Published: 24 August 2020

(This article belongs to the Proceedings of 3rd XoveTIC Conference)

Download Versions Notes

Abstract

:

In computer vision, current feature extraction techniques generate high dimensional data. Both convolutional neural networks and traditional approaches like keypoint detectors are used as extractors of high-level features. However, the resulting datasets have grown in the number of features, leading into long training times due to the curse of dimensionality. In this research, some feature selection methods were applied to these image features through big data technologies. Additionally, we analyzed how image resolutions may affect to extracted features and the impact of applying a selection of the most relevant features. Experimental results show that making an important reduction of the extracted features provides classification results similar to those obtained with the full set of features and, in some cases, outperforms the results achieved using broad feature vectors.

Keywords:

feature selection; image feature extraction; big data; computer vision

1. Introduction

Image datasets have grown not only in the number of samples, but also in the number of features that describe them. At this point, it could be reasonable to expect that having more features would provide more information and better results. However, this does not happen, due to the so-called curse of dimensionality [1]. In this context, feature selection [2] contributes to the scalability of the machine learning algorithms by finding the most relevant properties of the images and decreasing train and prediction times. However, their efficiency drastically diminishes when dataset dimension grows. Hence, applying big data technologies may ease to use larger datasets. This article addresses the impact of feature selection on image classification using different feature extraction methods. Particularly, this research focuses on the use of filter methods for feature selection with big data technologies.

2. Materials and Methods

This work proposes a pipeline for image classification composed of three main steps: image feature extraction, feature selection and classification. On the one hand, the first step has been implemented in a Python package using Keras, OpenCV and scikit-image libraries. On the other hand, the next steps were developed in an Apache Spark application that contains independent jobs for both steps. Additionally, features extracted have been stored in Kaggle datasets.
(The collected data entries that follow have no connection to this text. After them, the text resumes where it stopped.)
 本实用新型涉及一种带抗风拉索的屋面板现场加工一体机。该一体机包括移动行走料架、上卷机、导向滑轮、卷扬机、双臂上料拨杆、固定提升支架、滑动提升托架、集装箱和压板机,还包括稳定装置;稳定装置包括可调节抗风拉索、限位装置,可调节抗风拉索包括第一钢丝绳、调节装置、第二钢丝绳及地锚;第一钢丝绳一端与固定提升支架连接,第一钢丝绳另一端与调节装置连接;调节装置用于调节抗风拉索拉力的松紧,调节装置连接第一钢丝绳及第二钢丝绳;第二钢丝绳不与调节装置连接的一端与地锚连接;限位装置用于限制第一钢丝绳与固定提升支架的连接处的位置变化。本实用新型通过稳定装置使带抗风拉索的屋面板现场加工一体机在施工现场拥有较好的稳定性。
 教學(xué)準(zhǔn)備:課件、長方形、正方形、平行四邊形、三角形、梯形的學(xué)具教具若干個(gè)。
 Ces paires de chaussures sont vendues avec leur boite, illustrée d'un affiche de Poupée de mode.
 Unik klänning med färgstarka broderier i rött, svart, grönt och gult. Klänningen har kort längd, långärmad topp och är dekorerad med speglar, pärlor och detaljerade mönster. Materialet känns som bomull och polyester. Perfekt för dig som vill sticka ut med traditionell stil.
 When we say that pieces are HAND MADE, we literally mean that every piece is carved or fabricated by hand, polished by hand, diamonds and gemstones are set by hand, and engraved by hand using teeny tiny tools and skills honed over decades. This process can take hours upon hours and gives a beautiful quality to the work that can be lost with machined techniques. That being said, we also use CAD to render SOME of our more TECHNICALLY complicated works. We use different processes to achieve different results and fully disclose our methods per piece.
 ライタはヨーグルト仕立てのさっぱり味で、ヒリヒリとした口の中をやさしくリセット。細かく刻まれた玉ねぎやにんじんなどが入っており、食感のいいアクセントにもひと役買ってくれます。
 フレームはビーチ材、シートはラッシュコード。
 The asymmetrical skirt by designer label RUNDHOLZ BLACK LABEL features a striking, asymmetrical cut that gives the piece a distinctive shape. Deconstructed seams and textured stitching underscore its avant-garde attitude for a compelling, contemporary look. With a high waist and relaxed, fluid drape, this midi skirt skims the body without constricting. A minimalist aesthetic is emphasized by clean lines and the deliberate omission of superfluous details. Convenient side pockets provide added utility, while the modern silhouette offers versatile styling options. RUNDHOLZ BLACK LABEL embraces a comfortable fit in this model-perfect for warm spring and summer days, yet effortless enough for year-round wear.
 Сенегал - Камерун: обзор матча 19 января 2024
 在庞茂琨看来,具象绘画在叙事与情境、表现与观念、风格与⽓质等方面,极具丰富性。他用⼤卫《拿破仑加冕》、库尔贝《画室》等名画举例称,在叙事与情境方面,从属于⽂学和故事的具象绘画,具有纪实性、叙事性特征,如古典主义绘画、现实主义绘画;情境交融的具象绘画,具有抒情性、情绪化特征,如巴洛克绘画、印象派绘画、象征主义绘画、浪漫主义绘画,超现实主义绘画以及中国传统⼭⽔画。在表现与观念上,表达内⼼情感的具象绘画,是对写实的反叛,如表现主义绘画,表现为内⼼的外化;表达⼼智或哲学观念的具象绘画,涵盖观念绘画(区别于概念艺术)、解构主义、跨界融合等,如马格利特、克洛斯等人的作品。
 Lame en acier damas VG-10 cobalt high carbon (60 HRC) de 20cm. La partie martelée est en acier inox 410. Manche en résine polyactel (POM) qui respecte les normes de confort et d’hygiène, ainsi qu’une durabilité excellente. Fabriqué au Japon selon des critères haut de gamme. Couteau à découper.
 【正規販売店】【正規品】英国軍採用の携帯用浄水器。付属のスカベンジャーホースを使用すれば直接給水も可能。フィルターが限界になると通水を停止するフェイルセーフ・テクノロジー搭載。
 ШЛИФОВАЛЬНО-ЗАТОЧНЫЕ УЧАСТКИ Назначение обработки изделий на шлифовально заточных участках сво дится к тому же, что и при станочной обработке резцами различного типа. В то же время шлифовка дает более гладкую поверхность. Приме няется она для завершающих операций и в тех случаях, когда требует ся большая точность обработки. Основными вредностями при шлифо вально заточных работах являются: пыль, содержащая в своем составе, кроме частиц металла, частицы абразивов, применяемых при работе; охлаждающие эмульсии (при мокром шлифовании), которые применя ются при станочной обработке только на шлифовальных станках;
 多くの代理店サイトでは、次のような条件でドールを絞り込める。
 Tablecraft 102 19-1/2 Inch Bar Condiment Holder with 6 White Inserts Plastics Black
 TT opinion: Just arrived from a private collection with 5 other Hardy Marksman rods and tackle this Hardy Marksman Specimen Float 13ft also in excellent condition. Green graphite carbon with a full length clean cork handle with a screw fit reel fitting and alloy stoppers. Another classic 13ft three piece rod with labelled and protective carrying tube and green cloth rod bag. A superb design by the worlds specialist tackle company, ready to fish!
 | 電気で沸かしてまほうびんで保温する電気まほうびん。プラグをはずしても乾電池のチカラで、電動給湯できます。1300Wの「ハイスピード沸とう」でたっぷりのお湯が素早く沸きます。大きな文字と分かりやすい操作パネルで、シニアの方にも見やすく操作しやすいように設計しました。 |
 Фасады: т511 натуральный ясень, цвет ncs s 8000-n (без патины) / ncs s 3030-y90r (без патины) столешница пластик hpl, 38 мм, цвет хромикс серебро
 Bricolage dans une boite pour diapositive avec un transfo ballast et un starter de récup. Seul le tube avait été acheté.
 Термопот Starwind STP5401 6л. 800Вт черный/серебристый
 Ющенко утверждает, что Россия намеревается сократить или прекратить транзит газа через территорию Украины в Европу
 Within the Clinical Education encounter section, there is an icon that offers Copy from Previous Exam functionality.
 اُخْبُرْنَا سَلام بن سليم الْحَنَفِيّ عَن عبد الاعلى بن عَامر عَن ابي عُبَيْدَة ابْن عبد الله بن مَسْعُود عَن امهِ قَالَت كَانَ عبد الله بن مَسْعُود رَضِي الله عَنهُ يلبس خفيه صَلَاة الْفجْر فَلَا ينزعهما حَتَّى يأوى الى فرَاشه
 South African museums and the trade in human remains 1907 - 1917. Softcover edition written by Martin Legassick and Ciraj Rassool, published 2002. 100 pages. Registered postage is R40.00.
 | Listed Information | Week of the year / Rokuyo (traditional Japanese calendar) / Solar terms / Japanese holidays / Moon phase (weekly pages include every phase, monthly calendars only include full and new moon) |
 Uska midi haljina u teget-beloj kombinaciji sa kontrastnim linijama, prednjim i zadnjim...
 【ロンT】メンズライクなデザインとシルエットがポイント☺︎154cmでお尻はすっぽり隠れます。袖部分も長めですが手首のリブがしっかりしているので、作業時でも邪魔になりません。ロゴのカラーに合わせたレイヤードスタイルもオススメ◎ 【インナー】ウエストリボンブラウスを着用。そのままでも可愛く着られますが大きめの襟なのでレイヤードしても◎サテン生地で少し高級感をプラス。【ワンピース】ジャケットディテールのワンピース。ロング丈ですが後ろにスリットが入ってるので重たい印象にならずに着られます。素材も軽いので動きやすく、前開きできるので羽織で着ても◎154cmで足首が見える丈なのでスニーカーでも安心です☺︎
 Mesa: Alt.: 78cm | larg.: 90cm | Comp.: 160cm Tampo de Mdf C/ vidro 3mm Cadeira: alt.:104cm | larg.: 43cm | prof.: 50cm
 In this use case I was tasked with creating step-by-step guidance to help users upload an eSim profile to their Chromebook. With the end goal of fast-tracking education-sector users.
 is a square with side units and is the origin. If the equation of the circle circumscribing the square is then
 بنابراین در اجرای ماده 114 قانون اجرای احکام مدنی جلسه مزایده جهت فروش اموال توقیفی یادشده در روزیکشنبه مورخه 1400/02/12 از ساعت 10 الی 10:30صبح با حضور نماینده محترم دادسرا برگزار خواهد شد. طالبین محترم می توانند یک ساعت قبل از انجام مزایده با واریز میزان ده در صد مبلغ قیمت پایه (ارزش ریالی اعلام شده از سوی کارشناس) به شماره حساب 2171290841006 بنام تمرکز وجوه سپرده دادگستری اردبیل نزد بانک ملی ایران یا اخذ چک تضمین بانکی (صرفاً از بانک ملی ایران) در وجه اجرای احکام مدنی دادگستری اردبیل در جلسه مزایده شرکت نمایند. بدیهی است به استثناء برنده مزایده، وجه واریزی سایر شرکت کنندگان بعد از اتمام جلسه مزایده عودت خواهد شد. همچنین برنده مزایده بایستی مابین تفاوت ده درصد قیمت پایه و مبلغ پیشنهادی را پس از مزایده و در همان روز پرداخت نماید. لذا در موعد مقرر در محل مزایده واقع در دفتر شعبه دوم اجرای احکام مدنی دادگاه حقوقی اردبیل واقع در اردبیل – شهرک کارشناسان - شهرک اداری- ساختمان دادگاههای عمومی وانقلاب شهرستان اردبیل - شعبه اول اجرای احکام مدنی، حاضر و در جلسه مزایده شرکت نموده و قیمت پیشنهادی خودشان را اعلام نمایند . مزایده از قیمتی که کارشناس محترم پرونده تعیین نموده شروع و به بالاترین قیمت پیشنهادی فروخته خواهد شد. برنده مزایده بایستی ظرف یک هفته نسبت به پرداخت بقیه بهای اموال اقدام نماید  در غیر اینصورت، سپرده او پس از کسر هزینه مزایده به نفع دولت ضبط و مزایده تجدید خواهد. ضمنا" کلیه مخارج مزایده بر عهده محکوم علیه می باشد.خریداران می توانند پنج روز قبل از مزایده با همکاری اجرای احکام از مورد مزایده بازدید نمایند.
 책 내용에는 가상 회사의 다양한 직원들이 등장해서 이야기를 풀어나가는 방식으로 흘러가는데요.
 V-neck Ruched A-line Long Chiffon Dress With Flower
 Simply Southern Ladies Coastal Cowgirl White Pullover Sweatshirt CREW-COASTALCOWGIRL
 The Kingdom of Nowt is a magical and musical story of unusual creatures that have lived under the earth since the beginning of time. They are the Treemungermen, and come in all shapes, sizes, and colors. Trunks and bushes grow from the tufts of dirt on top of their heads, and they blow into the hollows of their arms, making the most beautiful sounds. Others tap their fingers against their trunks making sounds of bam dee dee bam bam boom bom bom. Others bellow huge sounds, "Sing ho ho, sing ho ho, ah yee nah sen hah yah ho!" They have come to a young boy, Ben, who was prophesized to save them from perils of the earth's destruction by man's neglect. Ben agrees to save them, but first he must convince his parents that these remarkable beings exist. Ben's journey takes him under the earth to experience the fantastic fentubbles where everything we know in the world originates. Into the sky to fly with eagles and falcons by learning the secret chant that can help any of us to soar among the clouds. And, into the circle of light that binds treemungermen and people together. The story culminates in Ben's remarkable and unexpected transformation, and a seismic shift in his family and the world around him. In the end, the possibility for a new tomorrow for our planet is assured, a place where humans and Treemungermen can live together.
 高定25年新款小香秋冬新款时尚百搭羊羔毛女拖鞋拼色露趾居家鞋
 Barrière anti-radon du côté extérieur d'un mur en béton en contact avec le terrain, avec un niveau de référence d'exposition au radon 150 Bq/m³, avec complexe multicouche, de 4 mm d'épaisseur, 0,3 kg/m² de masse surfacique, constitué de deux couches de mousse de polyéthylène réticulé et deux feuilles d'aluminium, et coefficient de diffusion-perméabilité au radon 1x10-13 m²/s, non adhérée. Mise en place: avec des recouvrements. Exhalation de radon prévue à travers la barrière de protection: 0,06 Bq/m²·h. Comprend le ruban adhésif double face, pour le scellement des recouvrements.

Feature extraction: In this work, image feature extraction was performed in order to transform image datasets into columnar feature datasets. The techniques applied here are—bag of features methods based on feature detection algorithms like SIFT [3], SURF [4] and KAZE [5]; linear binary pattern (LBP) methods [6]; and convolutional neural networks (ConvNets) used as feature extractors through architectures like VGG, ResNet and DenseNet.
Feature selection: Feature selection includes a broad family of dimensionality reduction techniques that achieve reduction by removing the irrelevant and redundant features while keeping the original relevant ones. Particularly, filter methods select a subset of the original feature set independently of the induction model used. Accordingly, these filter methods are more likely to be applied in a big data scenario due to advantages related to computational costs [7]. In such framework, this research has driven the feature selection stage using the big data platform Apache Spark and some implementations of such filter methods: Spark’s MLlib [8] implementation of the $χ^{2}$ filter selector [9]; Spark’s implementation of the Relief-F method [10]; and ITFS framework [11] implementation for Spark [12].
Classification: Not every available classifier in Spark MLlib has a multi-class nature. So, the suitable models in Spark for this problem are Decision Trees, Random Forests, Naive Bayes and Multilayer Perceptron classifiers. Given the results obtained in the experiments, these two last classifiers were used in the results presented in this manuscript.

In order to carry out the experiments of this research, two datasets were employed—the ImageNet dataset, currently hosted by the Kaggle platform, which contains 1,281,167 hand-labeled images belonging up to 1000 object categories; and the Tiny Imagenet dataset, released as a subset of the original ImageNet, containing very low-resolution images from only a 200-class subset.

3. Results

Regarding results from Tiny Imagenet, we noticed that accuracy values provided by features extracted using bag of features and LBP were quite poor. However, results supplied by features extracted using the ConvNets and applying up to 50% of dimensionality reduction with Relief-F (0.6451 top-5 accuracy),

χ^{2}

(0.6422) or mRMR (0.6382), outperformed results without feature selection (0.6241).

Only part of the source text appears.